First, I want to just say that my parents (Jello’s in-laws) have been supportive of his decision to transition. However, no matter how supportive they have been, I hadn’t expected this call.
About three nights ago I got a call from my father who was a bit tipsy. Whenever he is in that condition I am very aware of everything he says. Having grown up around him and a dozen bikers I knew that some of the most horrendous things could be said without thought (with much apologies the next morning).
He first confirmed with me that I might get a job that would require me to travel for training. It would require me to travel during the week down to the capitol and stay in a hotel for two months of training. Jello and I have already worked through this and accepted it might be needed.
I confirmed this to my father, and to my surprise I got a lecture from him. He lectured me that Jello would need me, and I better make sure if the job gets in the way that I quit that job and be there for my husband. He then reiterated it several times, and then wished me a good night. He politely hung up, leaving me stunned.

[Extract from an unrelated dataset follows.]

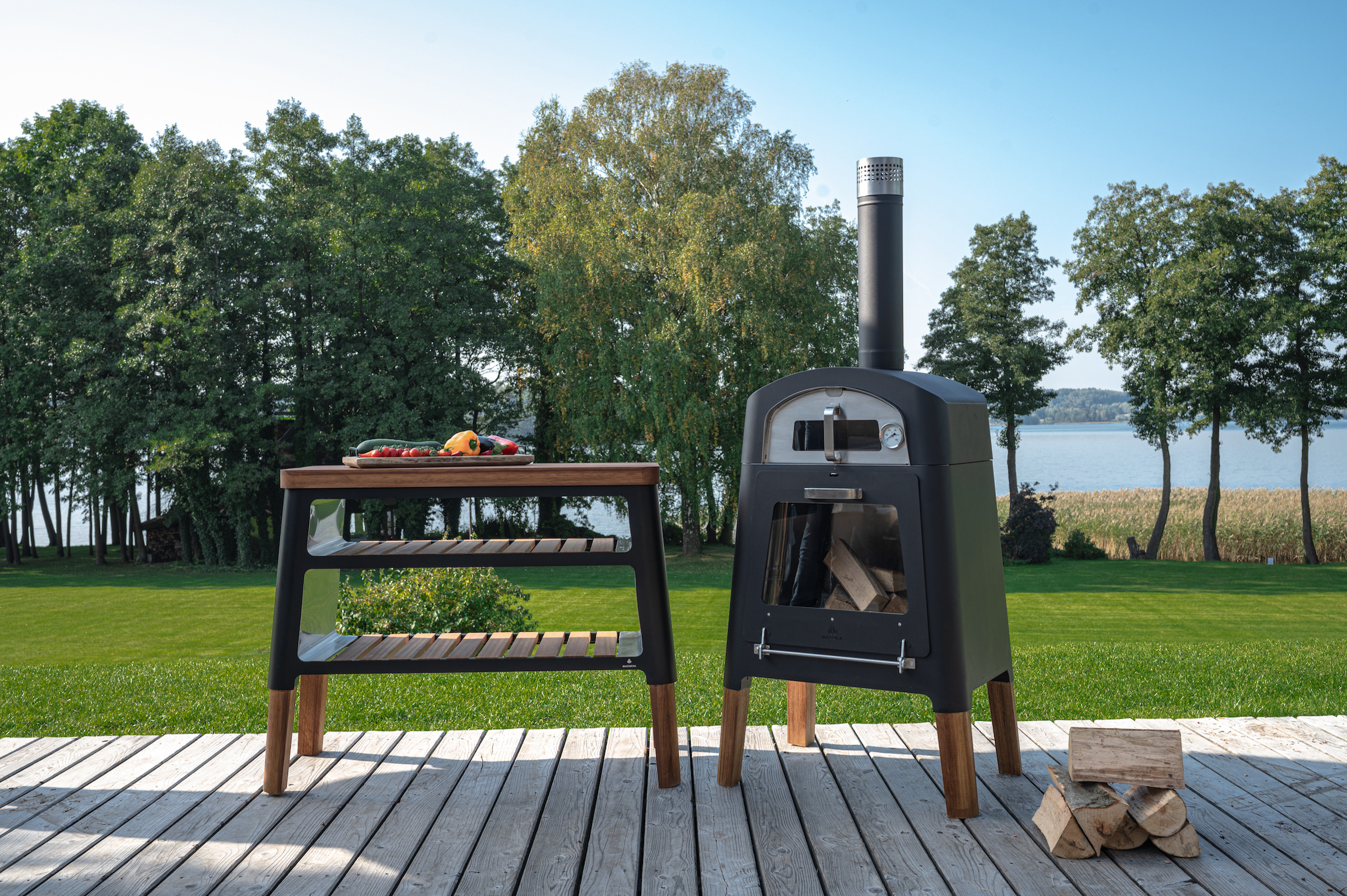 Die modernisierte Klassik, an die das Retro-Design erinnert, ist speziell für Liebhaber origineller und funktioneller Lösungen. Der Kamin ist mit einem Grillbrettmodul zum Backen ausgestattet, was ermöglicht, auf traditionelle Art und Weise unter anderem Pizza und Brot zuzubereiten. Ein zusätzlicher Vorteil ist die multifunktionale Feuerstelle, die unabhängig als Gartenfeuerstelle genutzt werden kann. Der modulare, vielseitige und moderne Holzofen mit innovativen Heiz- und Kochlösungen verbindet zwei Elemente des Kochens – Tradition und Funktionalität – und schafft ein Produkt mit traditionellem Aussehen, das sicherlich zu den meisten Außenbereichen passt.

I sat there stunned for a few seconds, Jello asked me if anything was wrong and I told him what happened. I swear his jaw dropped like a cartoon character’s jaw would. We both recovered quickly and recounted how unexpected that was. We both knew my father loved Jello, but the quickness they accepted and his firm belief I need to be there for Jello was unexpected.
My family has a lot of problems, but evidently support for a transitioning spouse is not one of them.